O gaúcho e o pinguço

O velho gaúcho, sentado sobre uma pedra, segurando com uma das mãos a bomba de chimarrão e com a outra a cuia, tinha consigo um antigo olhar sem vida que se fixava vazio no movimento da rua durante horas a fio.Como de costume, chegava o pinguço e sentava ao seu lado, ás vezes mais cedo, ás vezes mais tarde, mas nunca faltava. Vinha direto da rua, onde era seu lar, numa eterna ressaca, com a pinga numa mão e a outra apalpando os muros para não ir de encontro ao chão.Sentava no meio fio, ao lado de seu amigo de calçada e após alguns segundos de silêncio iniciava a incansável falação.O velho gaúcho nem ligava, até gostava. Passava o dia sentado ali, em silêncio, ouvindo apenas os escassos barulhos da rua pouco freqüentada. Mas quando chegava o pinguço , ele até sentia mais próximo a presença de vida, por mais decadente que ela fosse, pois ele tossia, escarrava, cuspia, fedia e até chorava quando relembrava sua juventude perdida.

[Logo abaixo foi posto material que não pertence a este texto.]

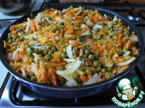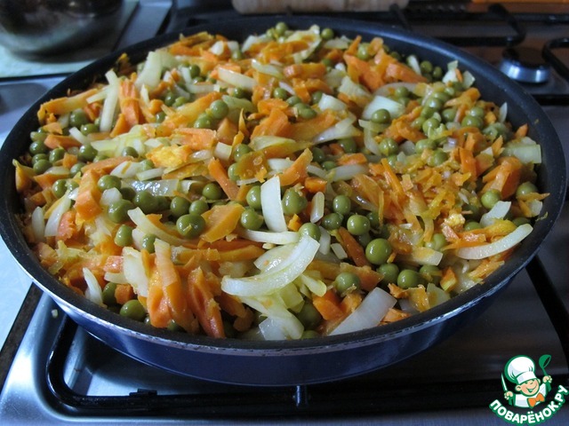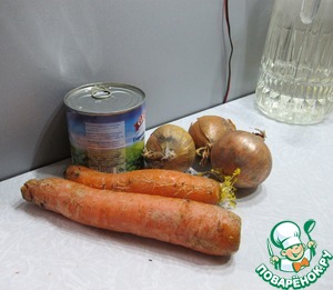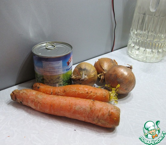 Я целенаправленно не написала количество продуктов - оно может быть любым. Главное - соблюсти пропорции: продуктов должно быть примерно одинаково по объему. Ну вот как на этой фотографии: на две большие морковки примерно три не очень больших луковицы и банка зеленого горошка.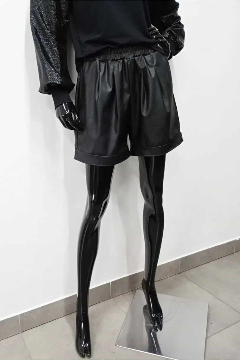 Dámské šortky z ekoóry. Mají elastický pas. Nohavice jsou zakončeny manžetou, která je další ozdobou šortek. Ideální na schůzky, večírky i na nadcházející svátky
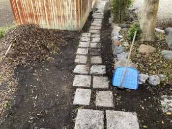 小さなジョレンで踏石の隙間に落ちた落ち葉を書き出し集めた落ち葉を山にして置いておきます。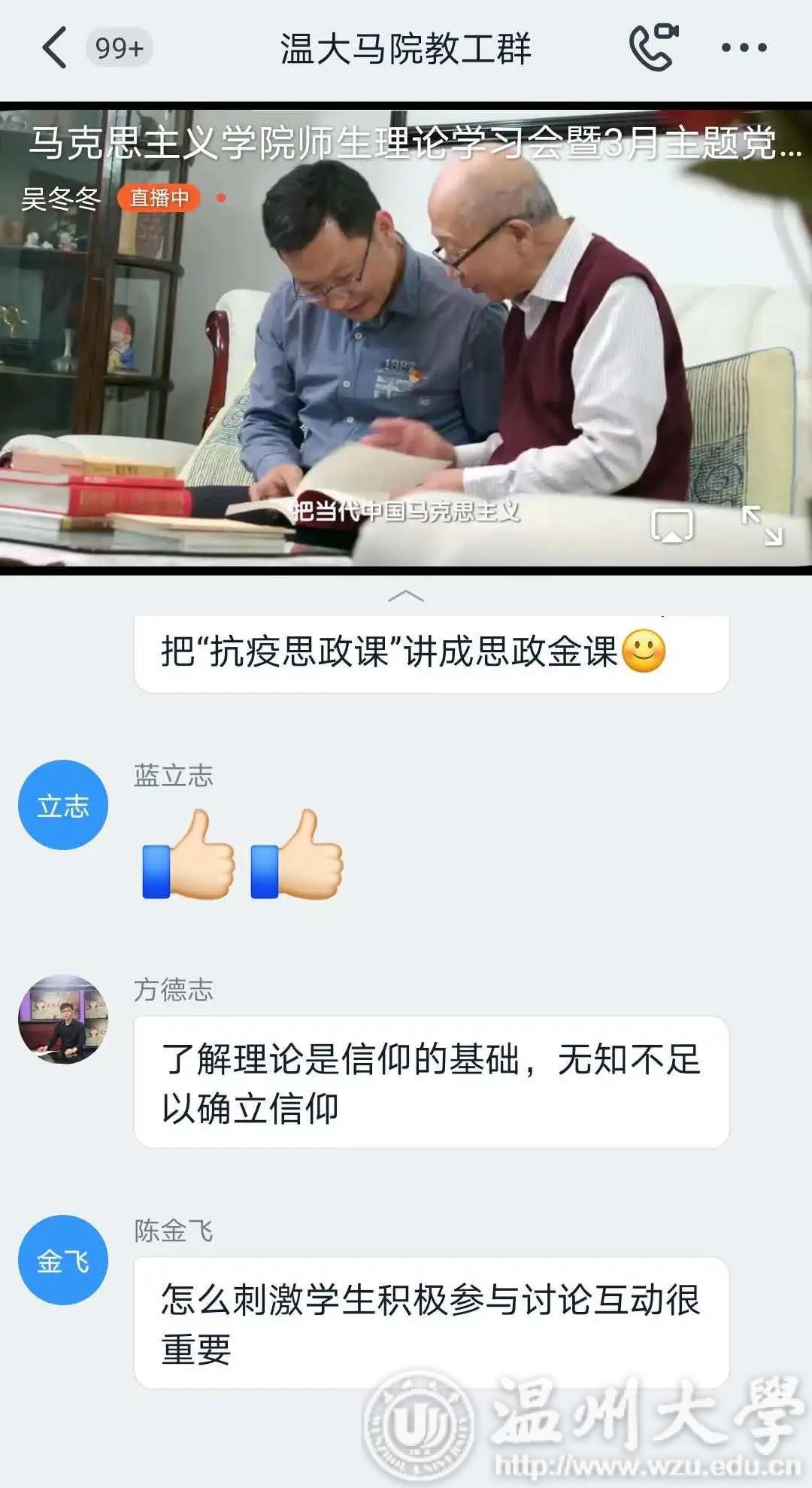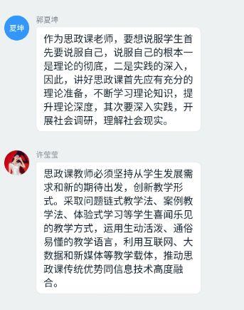 观看结束后,各个党支部随即进行了线上交流。各位党员同志结合《一堂思政课》的内容和自己所学专业,围绕“如何做好思政课教师” “如何上好思政课、发挥思政课的作用” “如何培养思政课教师后备人才” “当前思政课教学如何落实好’两手都要硬、两战都要赢’的重要精神” 等问题发表了自己的看法和心得体会。

Sem dizer nada, o velho gaúcho murmurava uma falsa indiferença e quando estava mais disposto até concordava com a cabeça.Era quase uma valsa, dançada por dois aprendizes tristes e acomodados.Iam assim até o escurecer, entre um gole de pinga e uma bombeada de chimarrão, os dois valsando num ritmo incomum e desordenado, cada um com seu jeito.Ao fim do dia, o velho gaúcho se levantava e com um aceno discreto se despedia, dando as costas para o seu amigo pinguço. Não que desejasse ir embora, por ele, ficaria sentado ali fora o tempo que a vida lhe permitisse ficar. Mas o medo de nunca mais voltar a ver o único amigo lhe obrigava a sair antes, pois o vendo sentado ali enquanto ia embora, dava lhe a impressão de que no dia seguinte ele estaria esperando-o no mesmo lugar.Suas vidas eram assim, tinham o mesmo prazer incomum, o de se encontrarem, talvez o único que lhes restava, com exceção da pinga e do chimarrão. Esperavam a noite toda o novo dia que ainda não chegava, um em casa e o outro na rua. Ambos afundados na mesma solidão.